---- Provided material
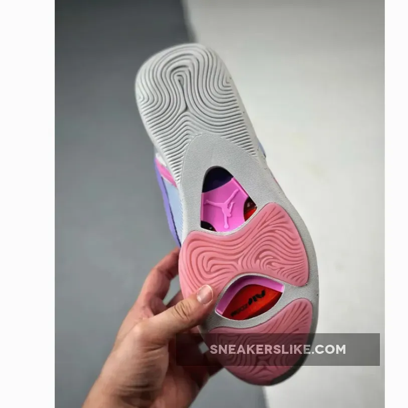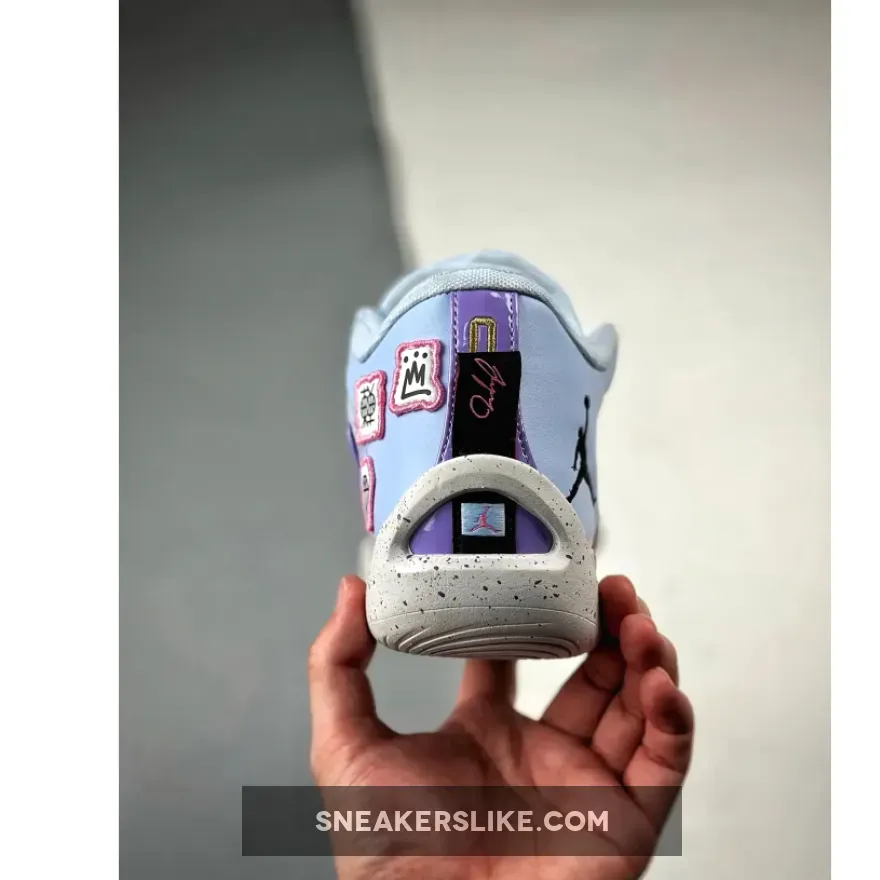 The majority of the upper is decorated with light purple, which is juxtaposed by darker hues on the TPU overlays on the toe and eyelets. On the tongue tag and around the medial heel, Dongdan emblems are deftly placed. The lateral heel as well as the heel tab continue to sport the standard Jordan branding. High-quality cushioning is provided by the foam midsole, which is strengthened with TPU reinforcements on the toe as well as the midfoot.
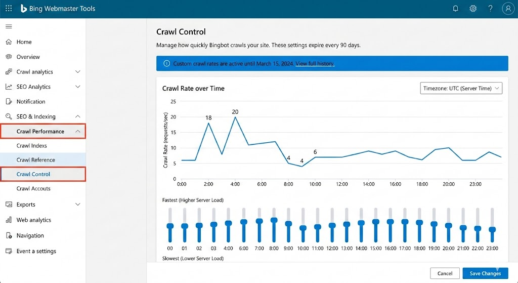 Think of it like a volume dial for Bingbot. Turn it up, and Bing crawls your site more aggressively. Turn it down, and you give your server more breathing room. You can also schedule those settings so that Bingbot crawls more during quiet hours (overnight) and backs off during your peak traffic periods.
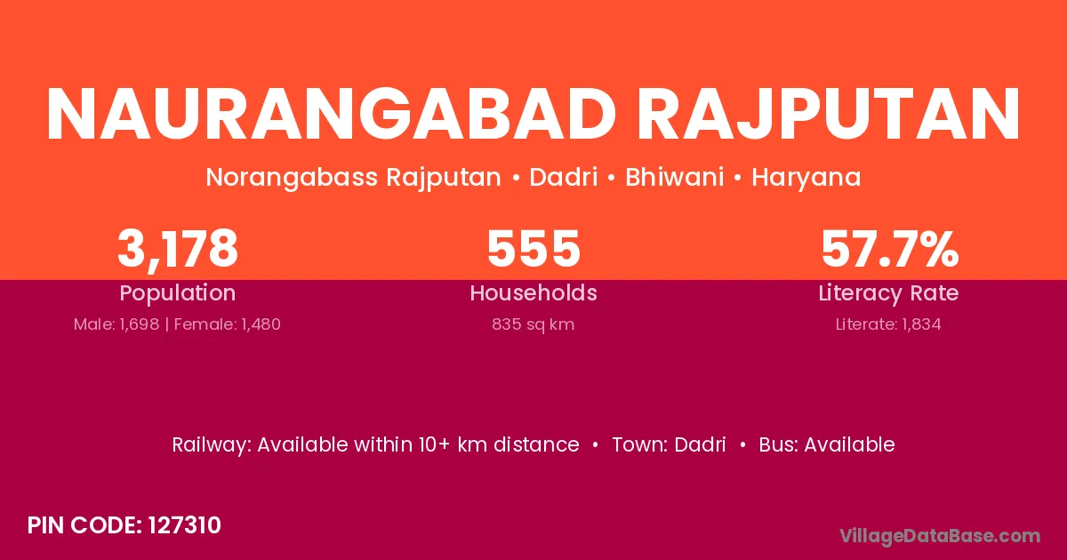 Naurangabad Rajputan village has a total population of 3,178 people, of which 1,698 are males and 1,480 are females.
--------
Activity »
Any picture in the data is to be skipped, while each line is returned exactly as written.

Completed task »
 The majority of the upper is decorated with light purple, which is juxtaposed by darker hues on the TPU overlays on the toe and eyelets. On the tongue tag and around the medial heel, Dongdan emblems are deftly placed. The lateral heel as well as the heel tab continue to sport the standard Jordan branding. High-quality cushioning is provided by the foam midsole, which is strengthened with TPU reinforcements on the toe as well as the midfoot.
 Think of it like a volume dial for Bingbot. Turn it up, and Bing crawls your site more aggressively. Turn it down, and you give your server more breathing room. You can also schedule those settings so that Bingbot crawls more during quiet hours (overnight) and backs off during your peak traffic periods.
 Naurangabad Rajputan village has a total population of 3,178 people, of which 1,698 are males and 1,480 are females.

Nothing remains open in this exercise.